**INSTRUCTIONS TO FOLLOW**
The job is to output each record exactly as it stands, pictures excluded.

**Stored data entries**
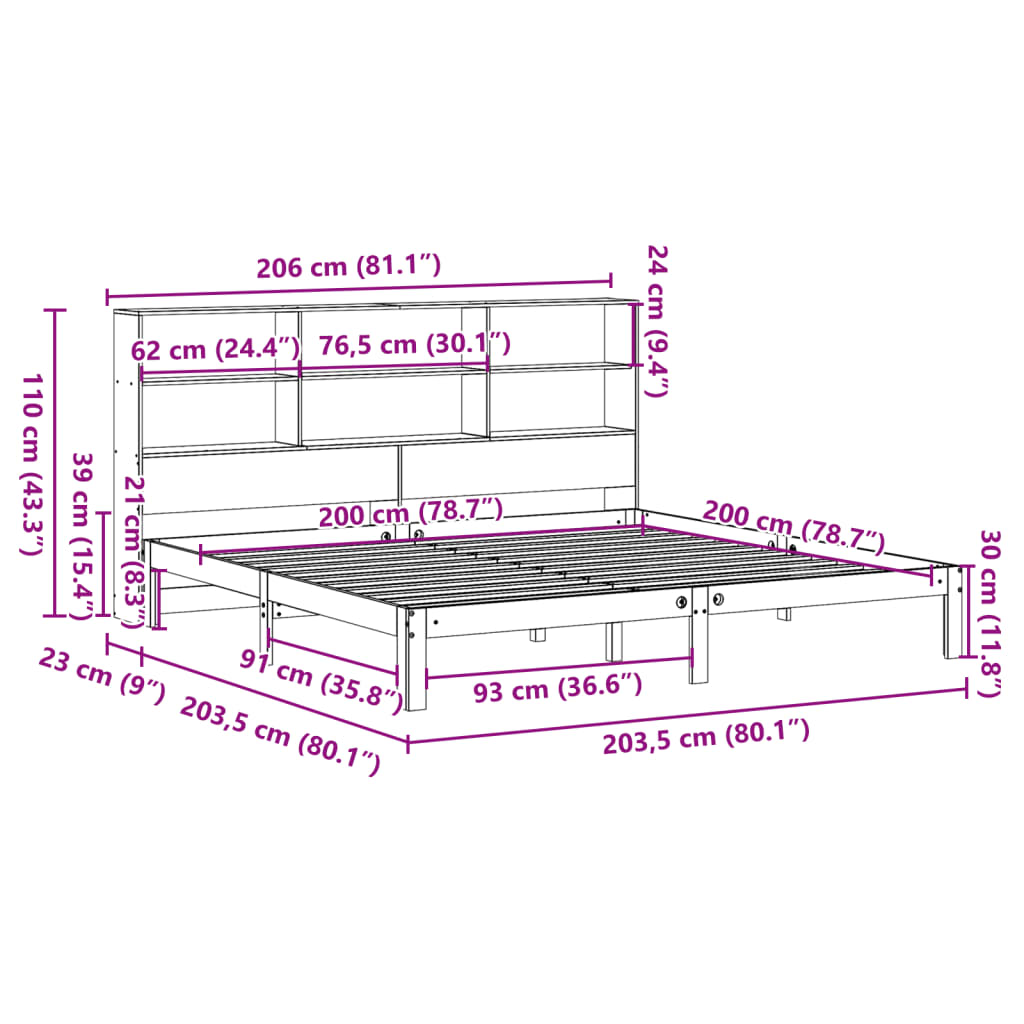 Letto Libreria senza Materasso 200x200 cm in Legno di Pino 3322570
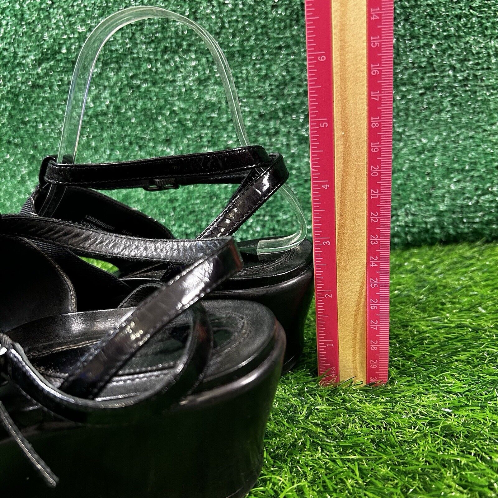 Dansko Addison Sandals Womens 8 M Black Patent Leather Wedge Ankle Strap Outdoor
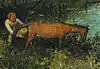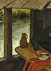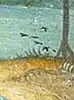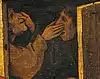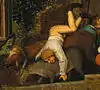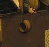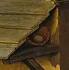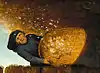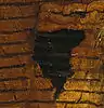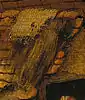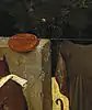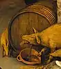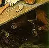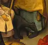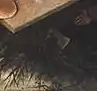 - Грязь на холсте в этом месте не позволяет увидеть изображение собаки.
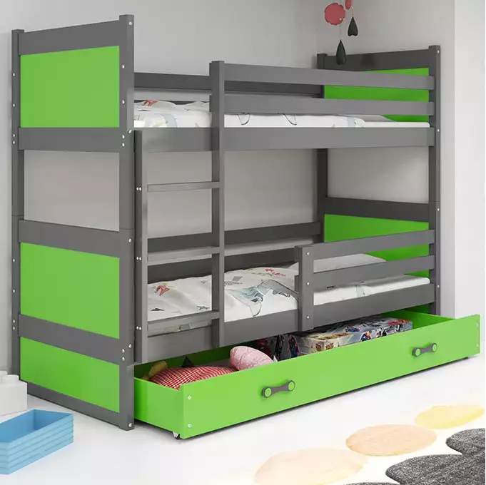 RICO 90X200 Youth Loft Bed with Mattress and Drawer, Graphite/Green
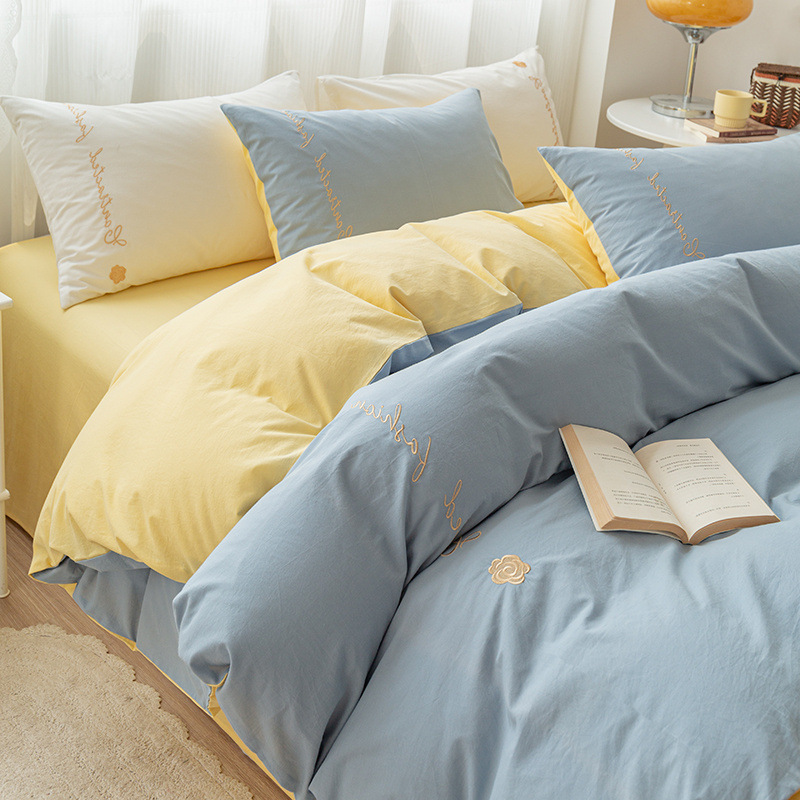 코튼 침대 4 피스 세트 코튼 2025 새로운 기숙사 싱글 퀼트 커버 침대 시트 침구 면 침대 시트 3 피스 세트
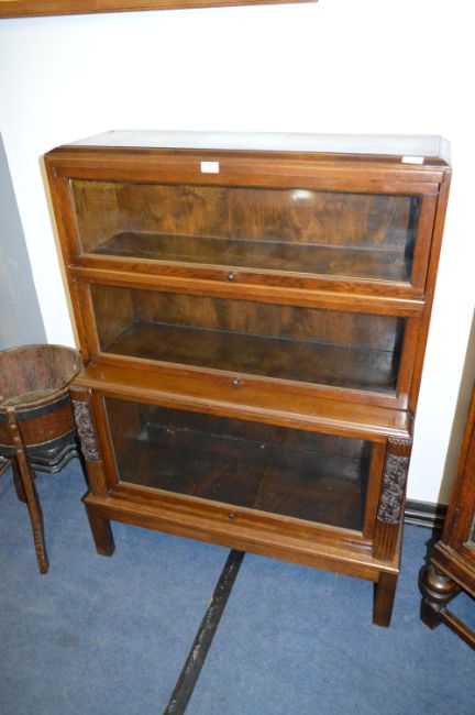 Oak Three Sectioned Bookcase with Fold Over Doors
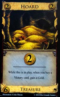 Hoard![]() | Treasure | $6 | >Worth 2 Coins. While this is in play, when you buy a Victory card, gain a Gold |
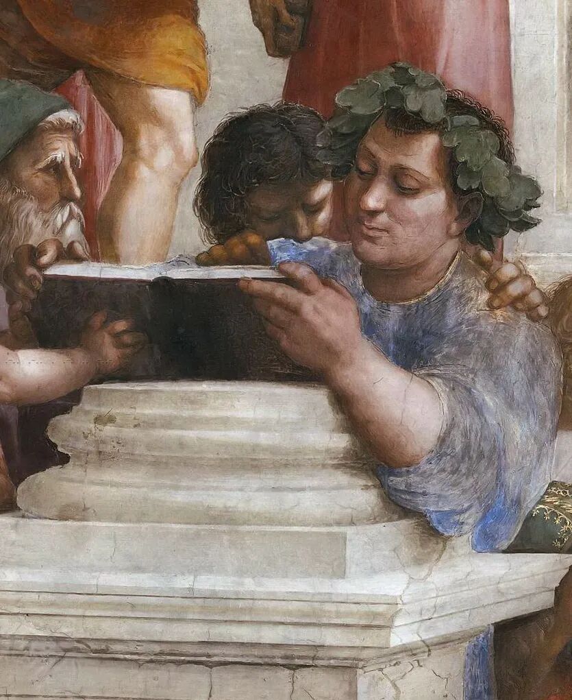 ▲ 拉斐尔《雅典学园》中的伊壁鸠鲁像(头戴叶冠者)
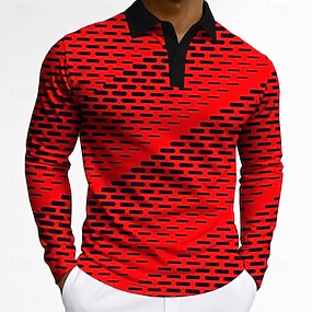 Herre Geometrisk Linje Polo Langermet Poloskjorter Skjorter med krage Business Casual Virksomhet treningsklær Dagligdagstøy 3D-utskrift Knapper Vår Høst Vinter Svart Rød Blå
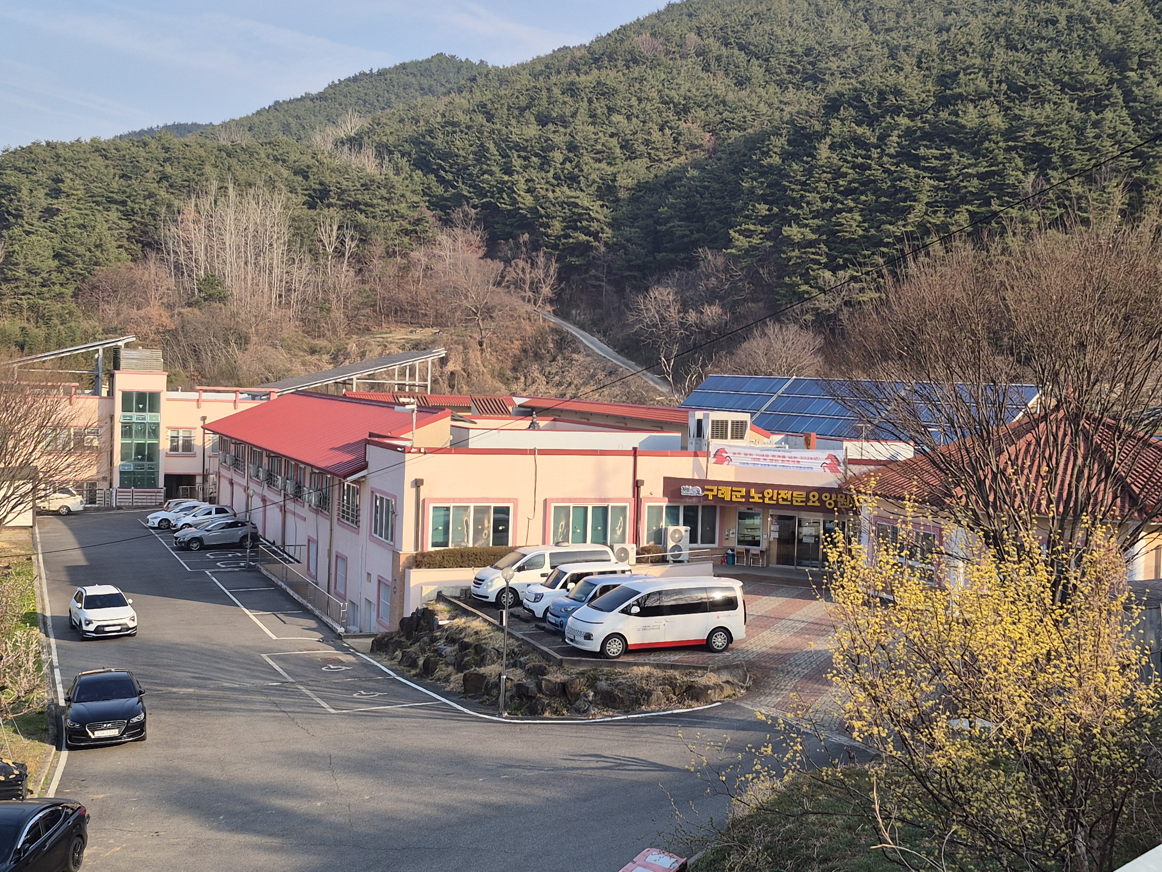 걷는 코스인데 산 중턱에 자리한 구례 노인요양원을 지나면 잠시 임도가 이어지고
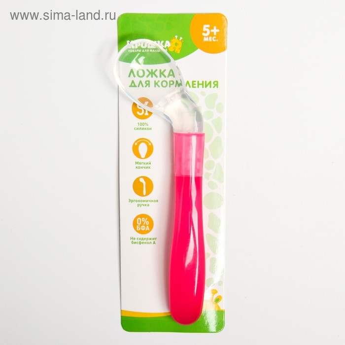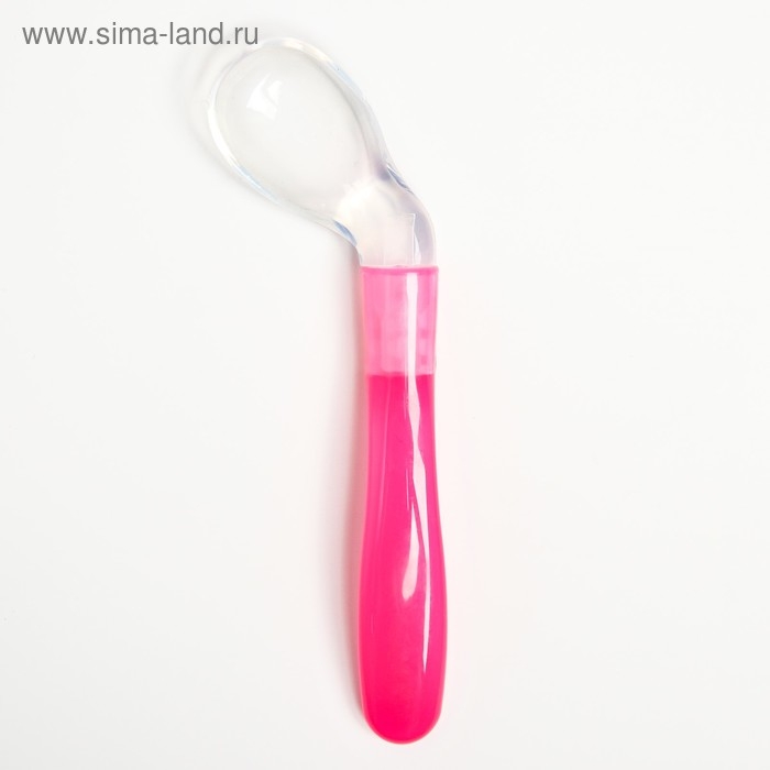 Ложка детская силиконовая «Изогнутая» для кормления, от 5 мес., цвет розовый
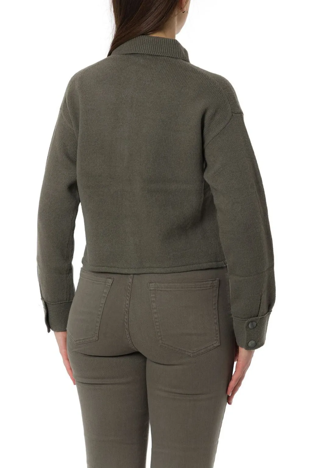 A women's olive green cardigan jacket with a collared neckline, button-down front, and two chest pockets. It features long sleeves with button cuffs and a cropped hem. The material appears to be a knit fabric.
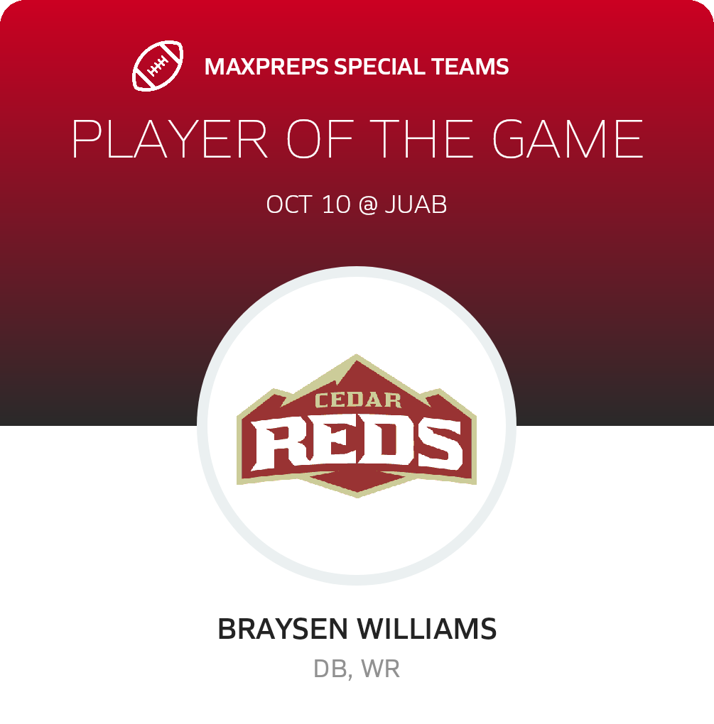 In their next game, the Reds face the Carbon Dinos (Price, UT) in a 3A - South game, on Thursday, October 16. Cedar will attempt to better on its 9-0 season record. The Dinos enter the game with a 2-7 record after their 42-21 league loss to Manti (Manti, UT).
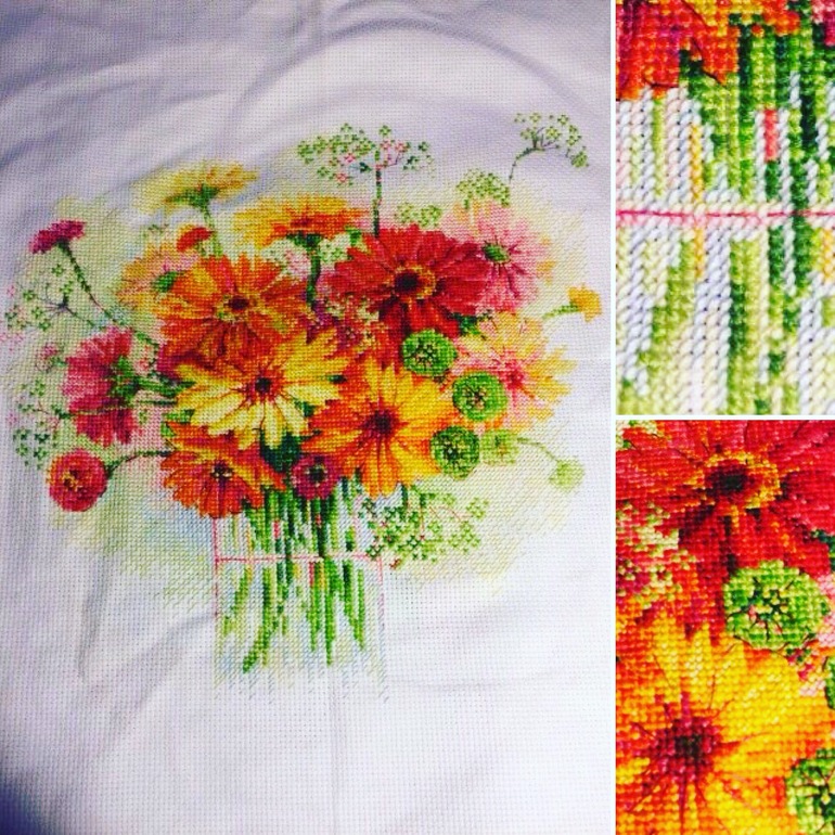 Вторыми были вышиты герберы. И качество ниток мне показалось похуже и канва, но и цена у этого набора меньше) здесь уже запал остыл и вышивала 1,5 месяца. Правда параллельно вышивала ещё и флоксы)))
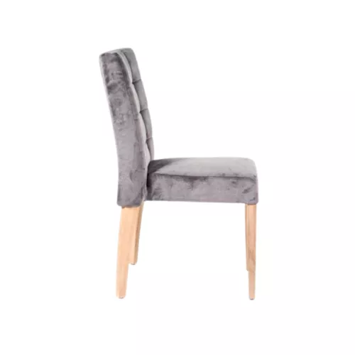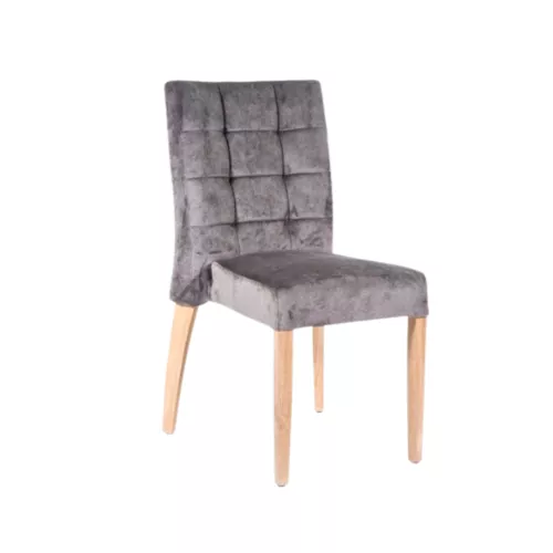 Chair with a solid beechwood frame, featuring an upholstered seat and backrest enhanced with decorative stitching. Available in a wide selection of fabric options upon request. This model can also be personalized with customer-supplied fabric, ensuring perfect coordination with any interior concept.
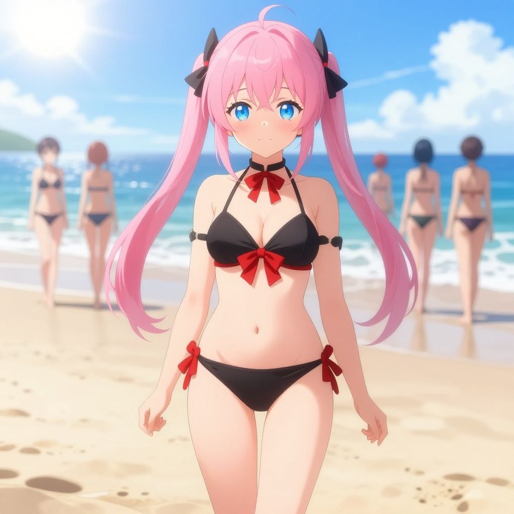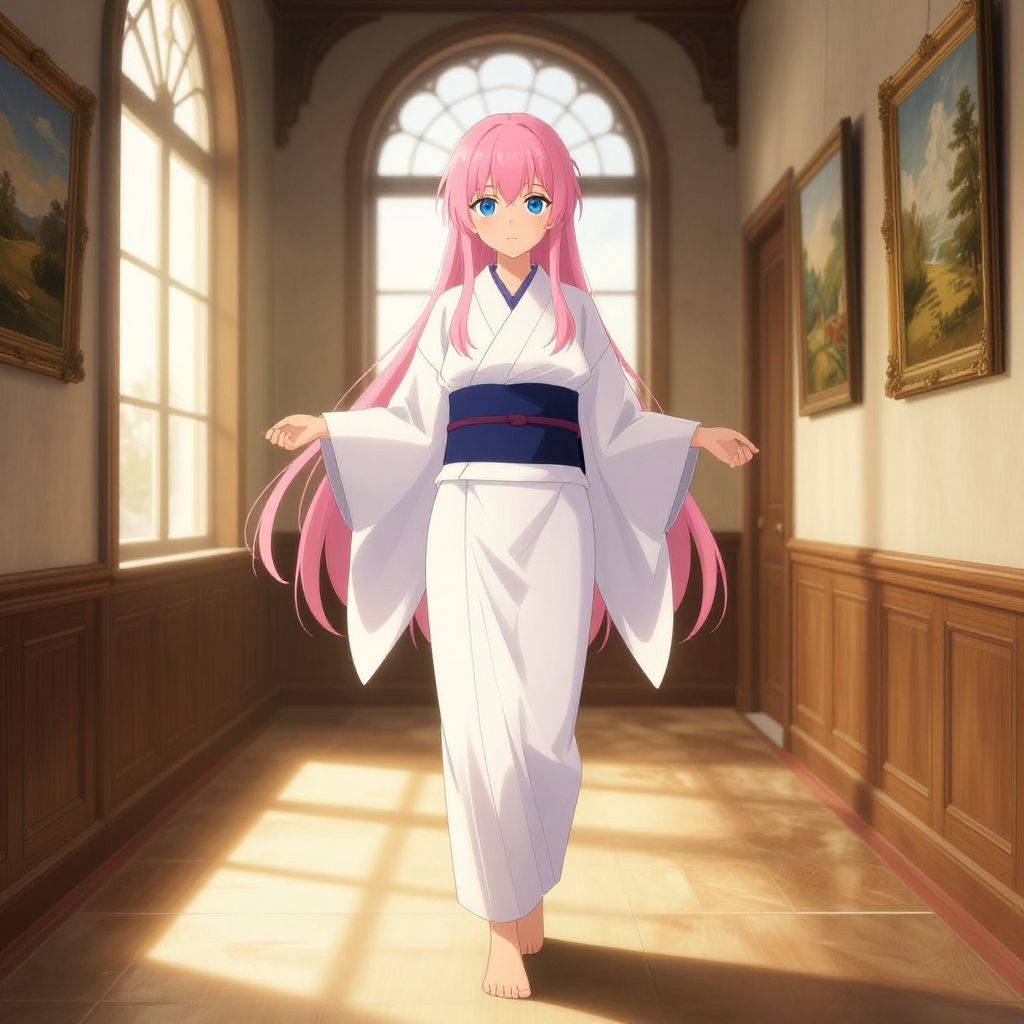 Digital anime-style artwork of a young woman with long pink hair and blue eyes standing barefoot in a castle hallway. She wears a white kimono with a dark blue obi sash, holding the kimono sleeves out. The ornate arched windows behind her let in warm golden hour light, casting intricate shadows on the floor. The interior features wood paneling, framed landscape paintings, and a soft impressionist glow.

**FINISHED TASK**
 Letto Libreria senza Materasso 200x200 cm in Legno di Pino 3322570
 Dansko Addison Sandals Womens 8 M Black Patent Leather Wedge Ankle Strap Outdoor
 - Грязь на холсте в этом месте не позволяет увидеть изображение собаки.
 RICO 90X200 Youth Loft Bed with Mattress and Drawer, Graphite/Green
 코튼 침대 4 피스 세트 코튼 2025 새로운 기숙사 싱글 퀼트 커버 침대 시트 침구 면 침대 시트 3 피스 세트
 Oak Three Sectioned Bookcase with Fold Over Doors
 Hoard![]() | Treasure | $6 | >Worth 2 Coins. While this is in play, when you buy a Victory card, gain a Gold |
 ▲ 拉斐尔《雅典学园》中的伊壁鸠鲁像(头戴叶冠者)
 Herre Geometrisk Linje Polo Langermet Poloskjorter Skjorter med krage Business Casual Virksomhet treningsklær Dagligdagstøy 3D-utskrift Knapper Vår Høst Vinter Svart Rød Blå
 걷는 코스인데 산 중턱에 자리한 구례 노인요양원을 지나면 잠시 임도가 이어지고
 Ложка детская силиконовая «Изогнутая» для кормления, от 5 мес., цвет розовый
 A women's olive green cardigan jacket with a collared neckline, button-down front, and two chest pockets. It features long sleeves with button cuffs and a cropped hem. The material appears to be a knit fabric.
 In their next game, the Reds face the Carbon Dinos (Price, UT) in a 3A - South game, on Thursday, October 16. Cedar will attempt to better on its 9-0 season record. The Dinos enter the game with a 2-7 record after their 42-21 league loss to Manti (Manti, UT).
 Вторыми были вышиты герберы. И качество ниток мне показалось похуже и канва, но и цена у этого набора меньше) здесь уже запал остыл и вышивала 1,5 месяца. Правда параллельно вышивала ещё и флоксы)))
 Chair with a solid beechwood frame, featuring an upholstered seat and backrest enhanced with decorative stitching. Available in a wide selection of fabric options upon request. This model can also be personalized with customer-supplied fabric, ensuring perfect coordination with any interior concept.
 Digital anime-style artwork of a young woman with long pink hair and blue eyes standing barefoot in a castle hallway. She wears a white kimono with a dark blue obi sash, holding the kimono sleeves out. The ornate arched windows behind her let in warm golden hour light, casting intricate shadows on the floor. The interior features wood paneling, framed landscape paintings, and a soft impressionist glow.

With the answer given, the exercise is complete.